Hong Kong Machine Learning Season 1 Episode 7

 20.02.2019 -  Hong Kong Machine Learning -  ~3 Minutes

When?

  • Wednesday, February 20, 2019 from 7:00 PM to 9:00 PM

Where?

  • Prime Insight, 3 Lockhart Road, Wan Chai, Hong Kong

This meetup was sponsored by Prime Insight which offered the location, drinks and snacks. Thanks to them, and in particular to Romain Haimez and Matthieu Pirouelle.

Programme:

Marko Valentin Micic - Hyperbolic Deep Learning for Chinese Natural Language Understanding

Recently hyperbolic geometry has proven to be effective in building embeddings that encode hierarchical and entailment information. This makes it particularly suited to modelling the complex asymmetrical relationships between Chinese characters and words.
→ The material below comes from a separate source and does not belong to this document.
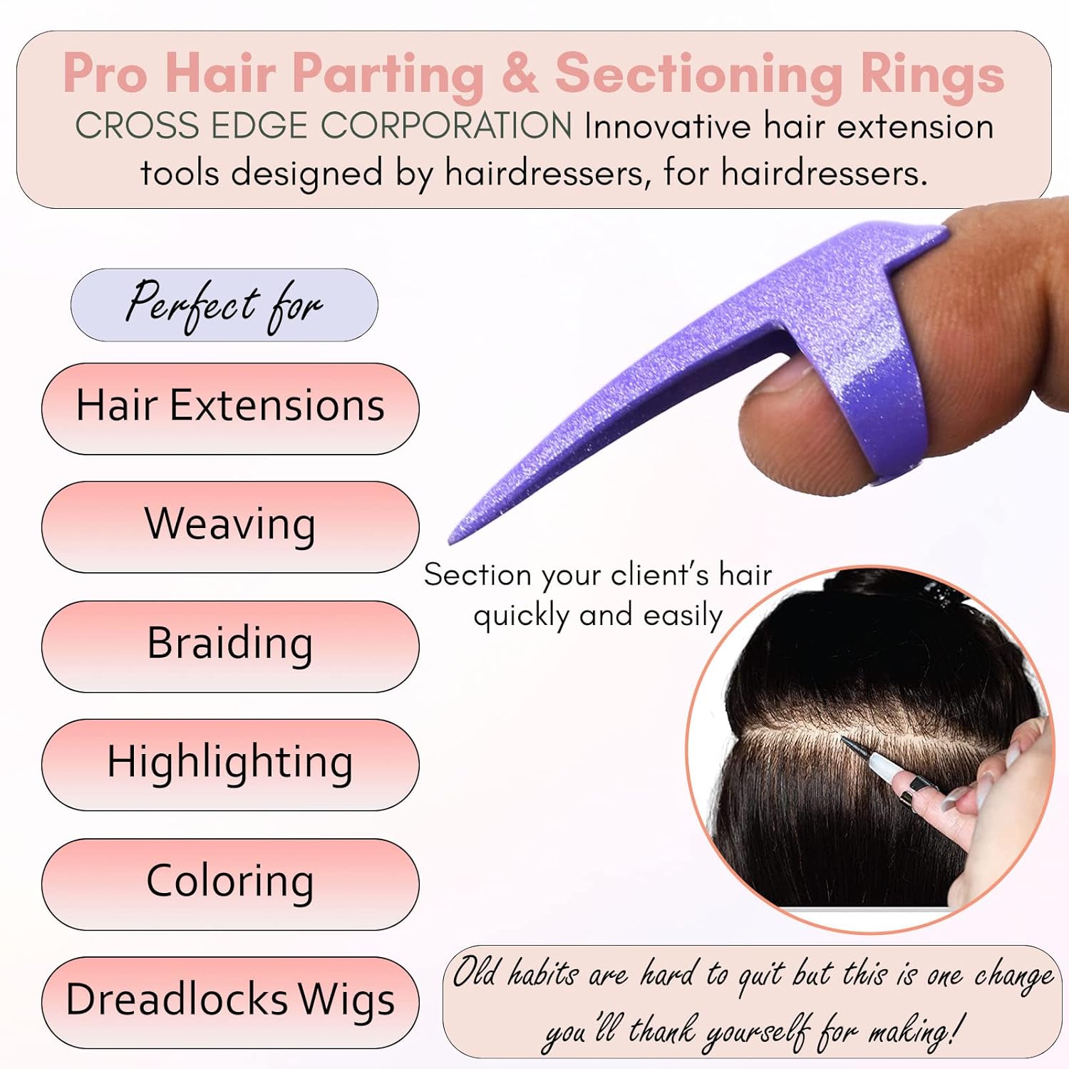 - ๐ Widely Used - hair parting tools are widely used in tape in hair extensions, micro beads hair extensions, hand tied weft hair extensions, wigs, real hair extensions, dirty braids, hair braiding, and other fields. hair braider sectioning rings are suitable for home use and hair salon applications. saves time by making hair parting easy. fits on any of your fingers. useful during all installations

In this paper we first train a large scale hyperboloid skip-gram model on a Chinese corpus, then apply the character embeddings to a downstream hyperbolic Transformer model derived from the principles of gyrovector space for Poincare disk model. In our experiments the character-based Transformer outperformed its word-based Euclidean equivalent. To the best of our knowledge, this is the first time in Chinese NLP that a character-based model outperformed its word-based counterpart, allowing the circumvention of the challenging and domain-dependent task of Chinese Word Segmentation (CWS).

Marko’s paper; His slides for the presentation can be found there.

Though the presentation was quite technical, Marko did a great job at vulgarizing differential geometry and illustrating the concepts. He recommended to visit http://hyperbolicdeeplearning.com/ for a good introduction to the field of hyperbolic deep learning.

Ji Ho Park - Exploiting emotion knowledge from emoji and #hashtags

Grasping other person’s emotions or sentiments through texts is challenging even for humans sometimes. I bet you also have an experience that once you were reading someone’s message multiple times to figure out, “Is he/she upset? Or am I too sensitive?” Despite the difficulties, figuring out emotion or sentiment in texts is crucial nowadays, due to our daily habit of using emails, mobile messengers, social media, chats. An interesting question is, “can we teach machines to understand sentiment and emotions inside our texts?”

Ji Ho and colleagues introduces how to build a sentiment/emotion analysis system by training deep learning models with a huge amount of tweets. They exploit the emotional knowledge inside those texts by using emojis and hashtags as weakly supevised label. Their system ranked Top 3 in SemEval 2018: Affect in Tweets, a well-known competition in the NLP research community.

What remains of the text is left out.